Now let's apply this to the proof you have. So your claim is that for f(x) = 1/\sqrt{1 - 4x}, the nth derivative is given by
f^{(n)}(x) = \frac{(2n}!}{n!} (1 - 4x)^{-(n + \tfrac12)} \qquad\qquad (*)

So first, you check that (*) holds when n = 1 (and you might want to check n = 0 as well, just to be complete) and find that it works.
Now assume that (*) is true, and show that it holds for n + 1. That is: derive (*) with respect to x, and show that you get the same expression as you'd get when plugging in n + 1 instead of n in (*).

PS Note that proof by induction is a convenient way (once you are used to it) to prove such statements "for all n", but it doesn't help you to find the statement. So if instead of "prove that the nth derivative is ...formula..." you get "derive and prove a formula for the nth derivative", you will first need to come up with a hypothesis by some other way. Once you have the hypothesis, you can make it into a theorem and try to prove it by induction.

 

[Sam223344]

I'm still a bit fuzzy on how to go about this induction. Could someone do an example of proving an nth derivative(something of similar difficulty) by induction so I can get a better understanding of my problem.

Or even post a link to where i could find some examples.

Thanks

 

[CompuChip]

I don't know if it is of similar difficulty, but here is one example:

The 2nth derivative of f(x) = cos(x) sin(x) is given by (-4)ⁿ cos(x) sin(x).

Actually this is easy to show once you see that f(x) = 1/2 sin(2x), but for instructive purposes let's do it by induction.

Proof.
First we check the base case. For n = 0 it is true, but then again, this is not really a derivative. So let's take n = 1. We need to show that the second derivative of f(x) is -4 cos(x) sin(x). We apply the product rule:
f⁽¹⁾(x) = cos(x)² - sin(x)².
Then by the chain rule (or product rule, whichever you prefer):
f⁽²⁾(x) = - 2 cos(x) sin(x) - 2 sin(x) cos(x) = - 4 cos(x) sin(x).

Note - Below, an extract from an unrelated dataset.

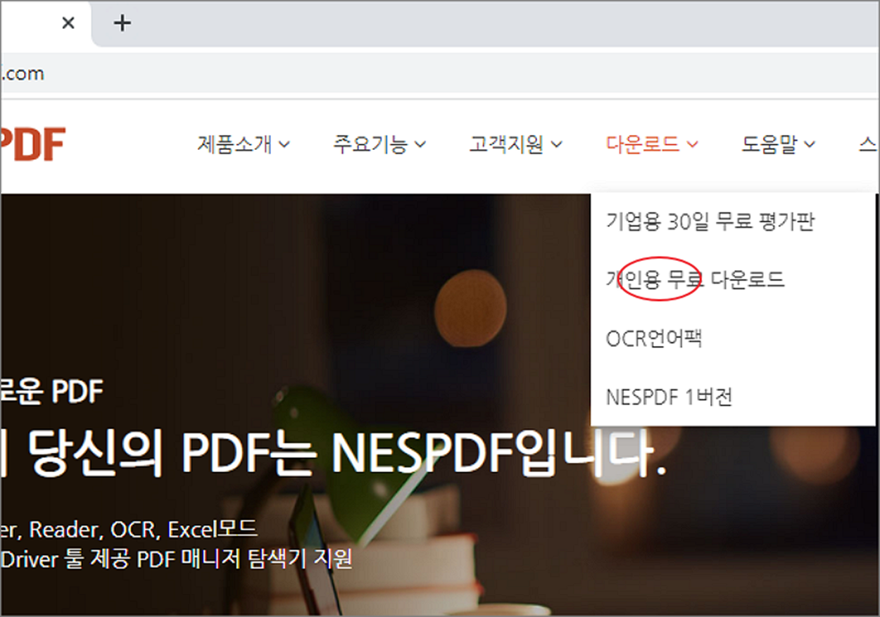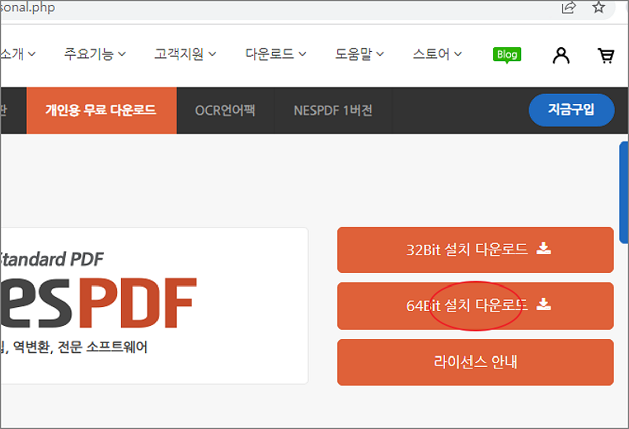 ▼ 먼저 NesPDF 프로그램을 다운 받기 위해 아래 사이트로 이동합니다. 사이트에 접속해서 상단 메뉴 다운로드 > 개인용 무료 다운로드 를 클릭합니다. 개인용은 무료이며, 기업용은 30일 무료 평가판입니다.

So the base case is checked. Now we pose the induction hypothesis, namely:
(IH:) Suppose that for all n checked so far, f⁽²ⁿ⁾(x) = (-4)ⁿ cos(x) sin(x).

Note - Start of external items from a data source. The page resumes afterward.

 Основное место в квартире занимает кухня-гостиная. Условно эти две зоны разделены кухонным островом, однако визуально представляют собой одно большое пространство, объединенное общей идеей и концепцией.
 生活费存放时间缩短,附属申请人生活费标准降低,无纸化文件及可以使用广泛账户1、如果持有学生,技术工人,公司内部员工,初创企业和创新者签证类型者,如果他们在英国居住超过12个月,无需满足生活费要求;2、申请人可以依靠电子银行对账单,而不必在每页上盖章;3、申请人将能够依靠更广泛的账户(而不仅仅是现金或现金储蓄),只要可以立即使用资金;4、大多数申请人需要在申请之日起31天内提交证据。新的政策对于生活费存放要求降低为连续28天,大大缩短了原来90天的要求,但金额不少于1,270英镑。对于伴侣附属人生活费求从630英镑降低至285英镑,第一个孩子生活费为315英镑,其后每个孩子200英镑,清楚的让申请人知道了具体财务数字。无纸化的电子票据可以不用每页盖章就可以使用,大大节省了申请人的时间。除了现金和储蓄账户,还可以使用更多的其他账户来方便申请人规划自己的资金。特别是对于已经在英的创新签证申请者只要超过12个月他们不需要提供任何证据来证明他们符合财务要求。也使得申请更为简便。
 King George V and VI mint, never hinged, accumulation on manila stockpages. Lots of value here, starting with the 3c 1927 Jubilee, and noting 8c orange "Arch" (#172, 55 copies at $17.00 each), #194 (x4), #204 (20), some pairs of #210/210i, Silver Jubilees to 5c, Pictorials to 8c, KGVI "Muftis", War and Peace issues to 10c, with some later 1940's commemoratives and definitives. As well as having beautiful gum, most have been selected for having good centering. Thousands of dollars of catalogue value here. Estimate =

We must prove that the identity is true for n + 1. So let's differentiate f(x) (2n + 1) times. That is, let's differentiate f⁽²ⁿ⁾(x) twice. By the induction hypothesis,
f⁽²ⁿ⁾(x) = (-4)ⁿ cos(x) sin(x).
Using the product rule,
f^{(2n + 1)}(x) = (-4)ⁿ cos(x)² + (-4)ⁿ sin(x)².
And differentiating again,
f^{(2n + 2)}(x) = f^{(2(n + 1))}(x) = (-4)ⁿ * (-2) cos(x) sin(x) + (-4)ⁿ * (-2) sin(x) cos(x) = (-4)ⁿ * (-4) cos(x) sin(x) = (-4)^{n + 1} cos(x) sin(x).

This concludes the proof (now explain to yourself / us, why).

 

[Sam223344]

Thanks mate this should help me out a lot.